Some of those things didn’t deserve my anger – I knew that even then. But that’s the thing about it. Writing was the only thing I’d ever wanted to do. I didn’t go to university or college because I knew I was going to be a writer so why bother? Writing was something I’d always had, always loved, and so when I felt it leaving me, I didn’t know what to do or what to think, or how to make it stop. I lashed out. I would have a couple of things published online, writers would add me on Twitter or Facebook, and I felt like a huge fraud. Didn’t they know? I was no more a writer than I was a parakeet.

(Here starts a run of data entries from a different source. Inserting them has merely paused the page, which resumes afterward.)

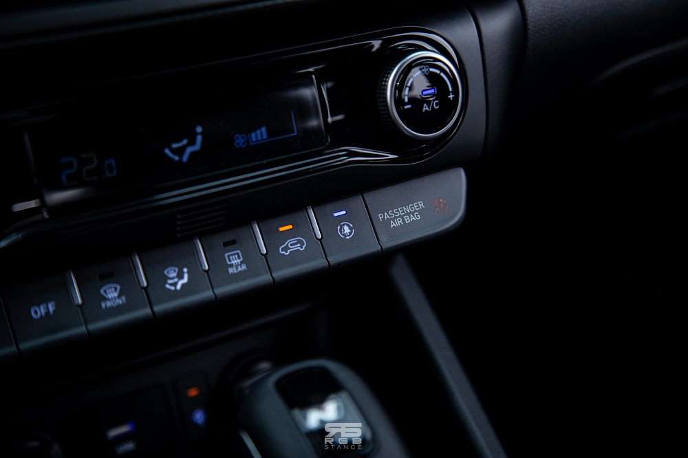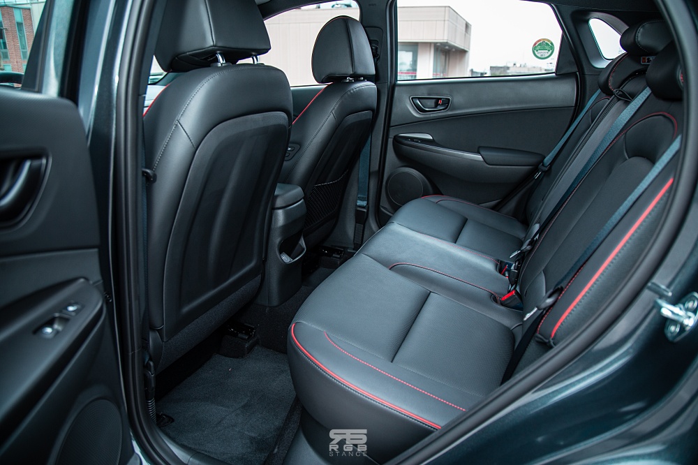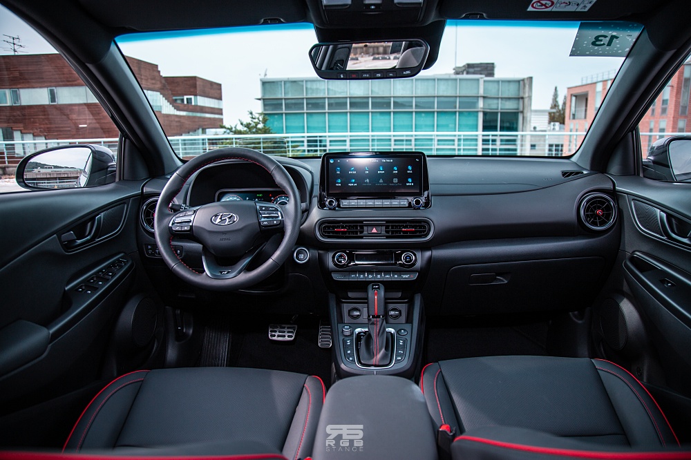 더 뉴 코나는 전장이 40mm 늘어났고, 2열 레그룸은 13mm 확장되어 후석 공간성을 개선했고, 트렁크 역시 10리터 더 커졌다. 그리고, 눈에 띄는 변화는 바로 10.25인치 대화면 디스플레이와 계기판이다. 여기에 N 라인 전용 시트와 스티어링 휠 및 기어노브와 공조기쪽의 빨간색 컬러 포인트와 앰비언트 라이트가 감각적이고, 세련된 모습을 만들어주고 있다.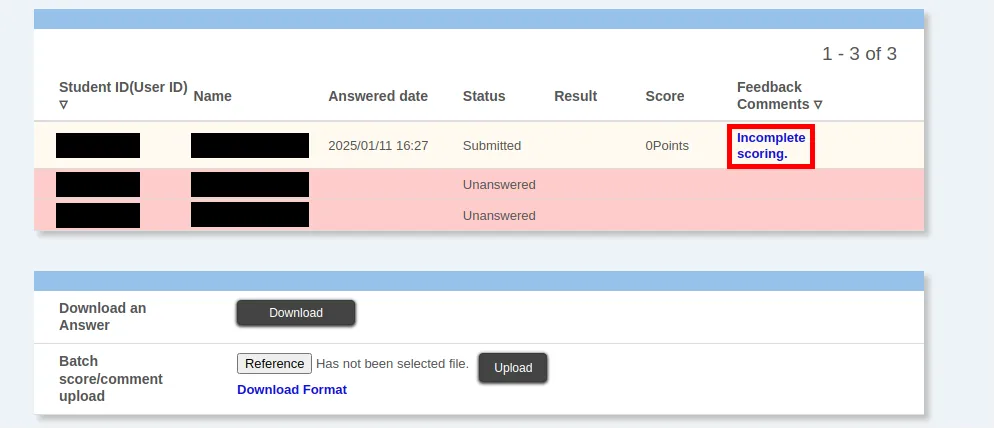 4. If the file is uploaded successfully, the scores and feedback comments in the Excel file for scoring will be loaded, and the status column for the scored students in the “Answer Status” screen will change to “Marked” or “Entered by the instructor”.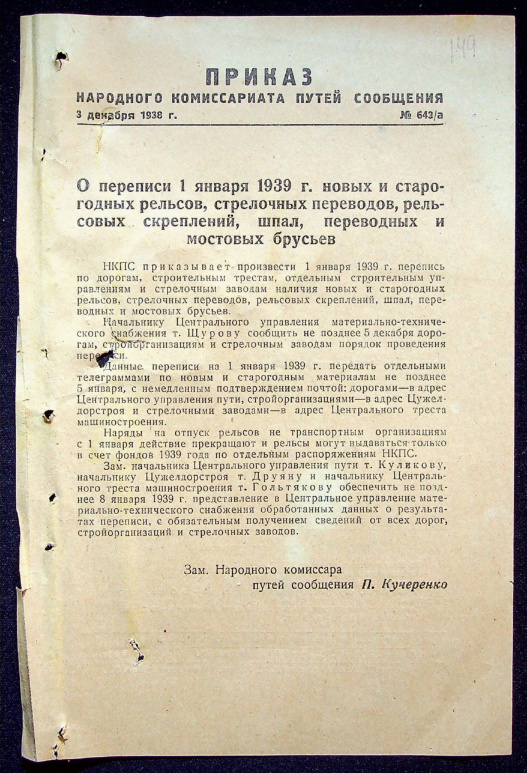 Приказ Народного Комиссара Путей Сообщения № 643/а. О переписи 1 января 1939 г. новых и старогодных рельсов, стрелочных переводов, рельсовых скреплений, шпал, переводных и мостовых брусьев. 3 декабря 1938 г.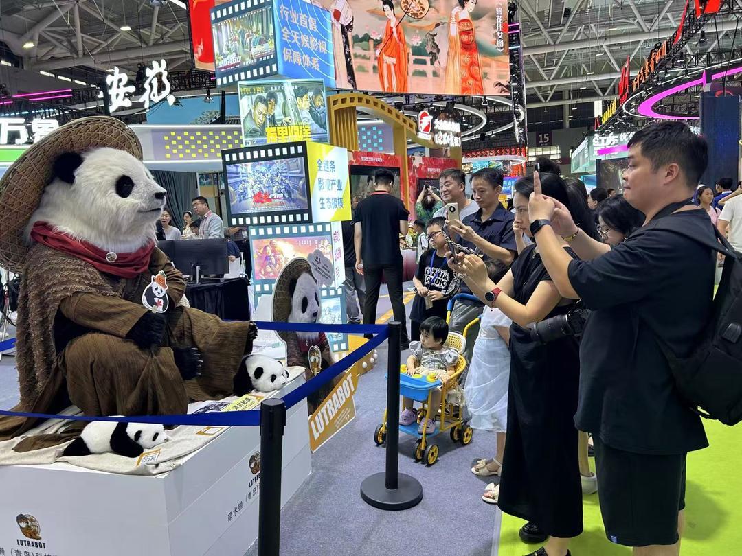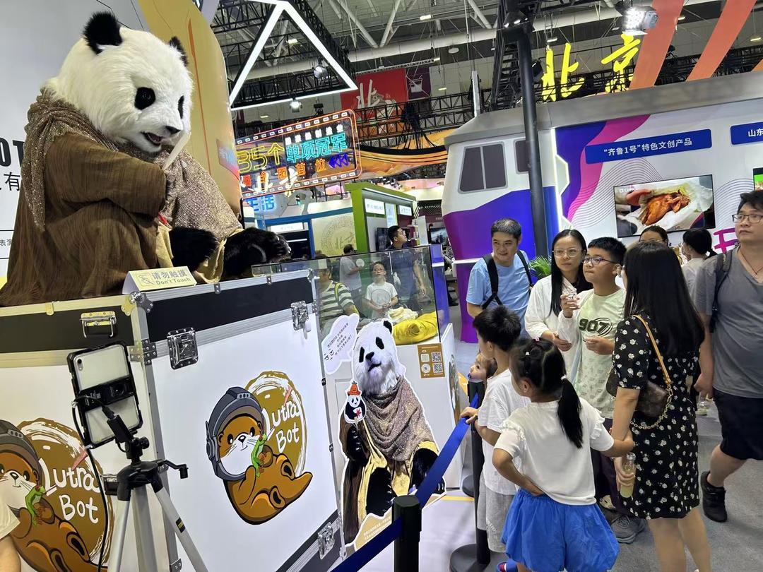 萌水獭科技在山东展区展示机器仿生熊猫,能即时捕捉人的面部动作,做出各种趣味表情,引来观众围观体验。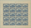 1901 COUNTER SHEET / Mi.21, Emperor´s Yacht 2M black-blue, complete printing sheet of 20 stamps on paper without watermark; previously hinged in margin out of stamps, stamps mint never hinged, usual production folds in paper, cat. only as single stamps 2.400EUR, rare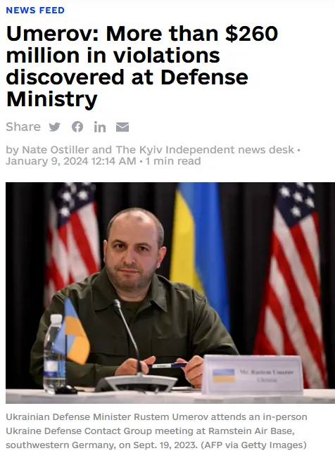“Internal audits and investigations at Ukraine’s Defense Ministry over the past four months have uncovered more than Hr 10 billion ($260 million) in violations committed previously, Defense Minister Rustem Umerov announced on Jan. 8. Two major corruption scandals preceded the ousting of previous Defense Minister Oleksii Reznikov, one regarding inflated prices for food supplies and the other connected to low-quality winter jackets…I think this is only the tip of the iceberg…”

I’m reading this over and I sound like I’m sitting at my laptop weeping, or asking for a pep talk. Neither of those things are the case. I know that creativity is fluid and this isn’t necessarily over, but I also know that some creative people just walk away from their art of choice and never return to it. There’s a weird sense of judgement when you lose interest in your craft, like maybe you didn’t deserve it in the first place. It can be so intertwined with your sense of self that you lose your equilibrium.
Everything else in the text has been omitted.